Всю ночь я, не сомкнув глаз, просчитывала возможные варианты: кто, зачем и почему. Когда — я знала точно. Ваза пропала за то время, пока я отсутствовала. То есть в тот самый момент, когда я, позабыв обо все на свете, выплясывала на дне рождения рок-н-ролл.
Утром, как только родители проснулись, я постаралась сразу же попасться им на глаза. Я повертелась возле мамы, пока папа брился, а потом — возле папы, пока мама выходила в булочную. Но никто из них, похоже, не собирался сделать мне конфиденциальное признание относительно вещи, пропавшей с моей полки. Потом мы сели завтракать.
— Ал, ты что, не выспалась? — спросил папа. — Вид у тебя, прямо скажем, помятый. Сейчас угадаю: книжку читала, что я тебе подсунул?
— Угу, — весело согласилась я, делая вид, что меня поймали с поличным.
Потом мы еще немного поговорили о моем обучении, об общих знакомых, о том, кто куда поступил из моих одноклассников. Я старалась направить разговор в нужное мне русло, но никак не могла найти нужный ход.
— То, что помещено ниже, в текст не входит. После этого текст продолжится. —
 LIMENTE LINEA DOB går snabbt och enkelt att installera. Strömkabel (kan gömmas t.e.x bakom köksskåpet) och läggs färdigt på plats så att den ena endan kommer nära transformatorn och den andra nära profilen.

Не могла же я прямо спросить, не пролетала ли по дому металлическая вазочка или не залетала ли часом к нам на помеле Пиратовна, пока меня не было. Тогда я перевела разговор на соседей, и мама с удовольствием начала рассказывать мне о том, что дядя Федя посадил еще одну вишню, а тетя Насиба сделала новую прическу, Николай Иванович — полковник КГБ, по-прежнему пьет, бьет по вечерам посуду, а наутро появляется у дома при полном параде и тащит коробки со столовыми сервизами.
Папа от души смеялся.
— Может быть, он в цирк поступить готовится. Хочет быть жонглером. Вот с посудой и тренируется.
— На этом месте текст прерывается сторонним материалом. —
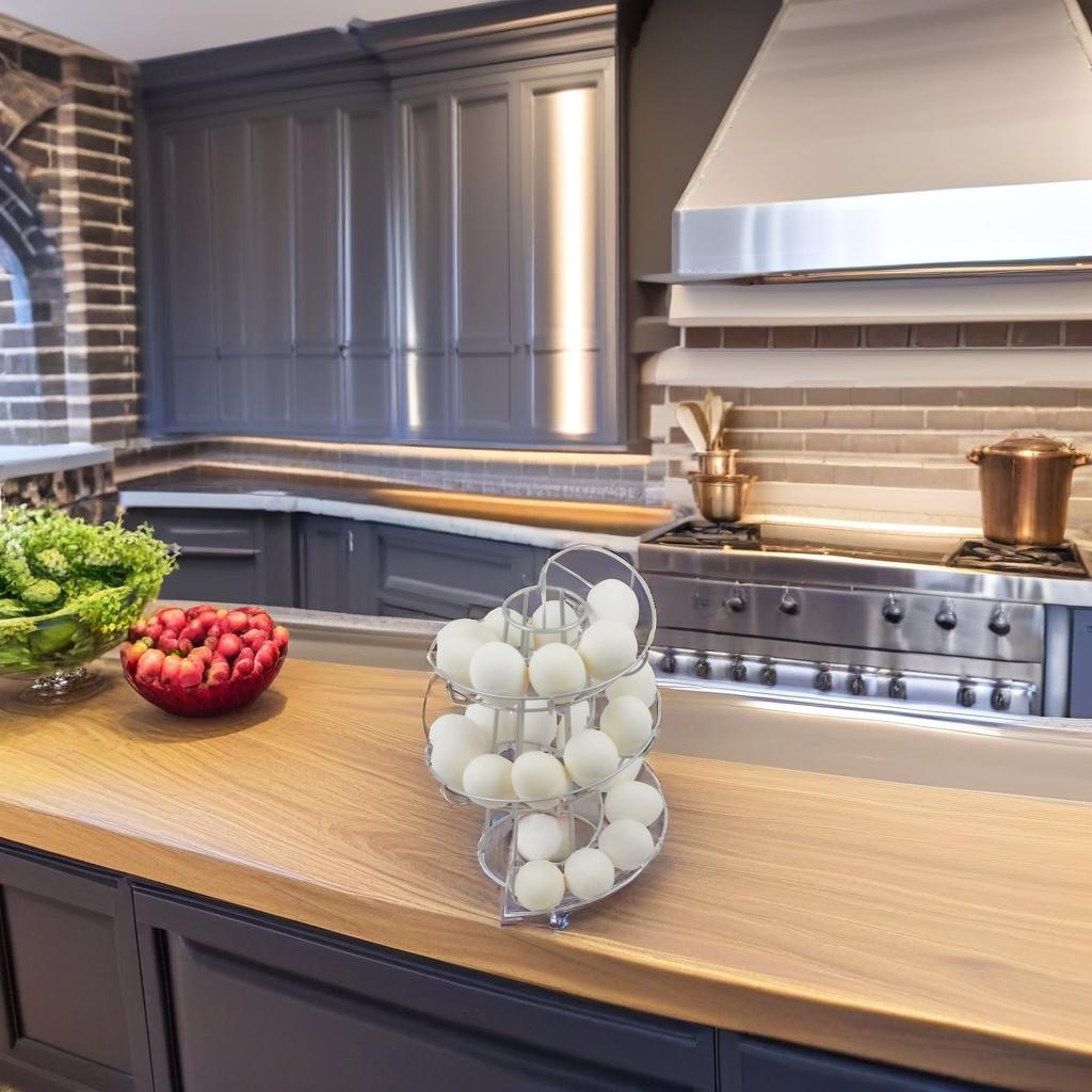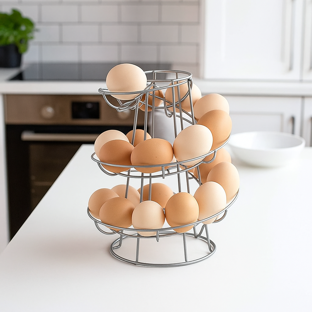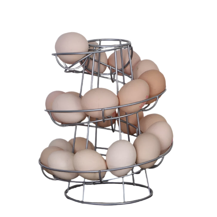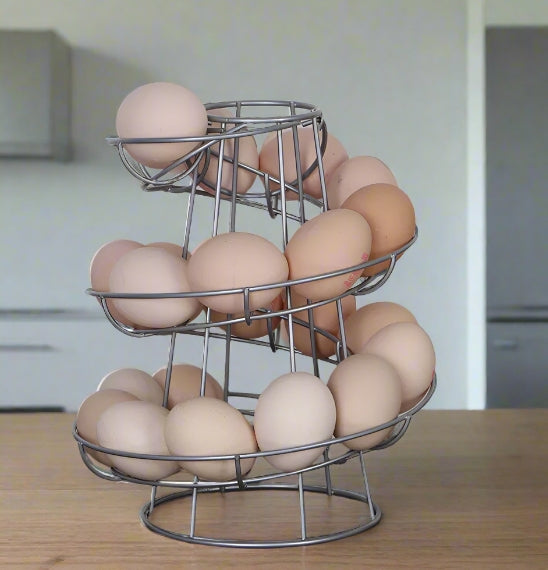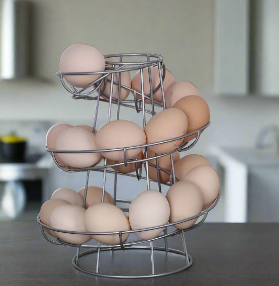Silver Spiral Egg Holder Rack Skelter Kitchen Stand Holds 12 to 18 Eggs Counter Display

— Как же, — отвечала мама, — жонглером. А дочка Альбины Пиратовны учится в педагогическом.
Я представила себе Венерочку в качестве учительницы и пожалела бедных деточек, которых она замучает до смерти. И тут мама сказала нечто такое, от чего у меня все внутри похолодело.
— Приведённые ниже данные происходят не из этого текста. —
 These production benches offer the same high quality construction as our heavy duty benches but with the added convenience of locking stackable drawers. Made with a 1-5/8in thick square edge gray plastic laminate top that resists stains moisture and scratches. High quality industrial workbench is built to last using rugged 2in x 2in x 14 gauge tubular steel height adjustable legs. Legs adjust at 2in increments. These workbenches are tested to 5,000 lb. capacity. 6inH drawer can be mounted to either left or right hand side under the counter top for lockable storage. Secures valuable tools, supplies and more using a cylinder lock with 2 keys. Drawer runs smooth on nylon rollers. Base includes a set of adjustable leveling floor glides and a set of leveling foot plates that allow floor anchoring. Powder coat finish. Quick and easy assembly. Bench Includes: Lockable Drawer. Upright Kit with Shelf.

— Кстати, она вчера заходила…
— Кто, — перебила я маму, — сама или дочка?
— Сама, — ответила мама и стала рассказывать о том, как Пиратовна консервирует огурцы.
Я с жадностью ловила каждое слово, но все слова походили на ложные грибы — не про то. Мама, заметив мой повышенный интерес, пыталась удовлетворить его, во всех подробностях описывая процесс засолки. В конце концов папа не выдержал:
— Мало того, что эта противная тетка тебе все это вчера битый час рассказывала, ты теперь нам с дочерью еще час пересказывать будешь!
— Не такая уж она и противная, если не орет, — оправдывалась мама. — И больная к тому же…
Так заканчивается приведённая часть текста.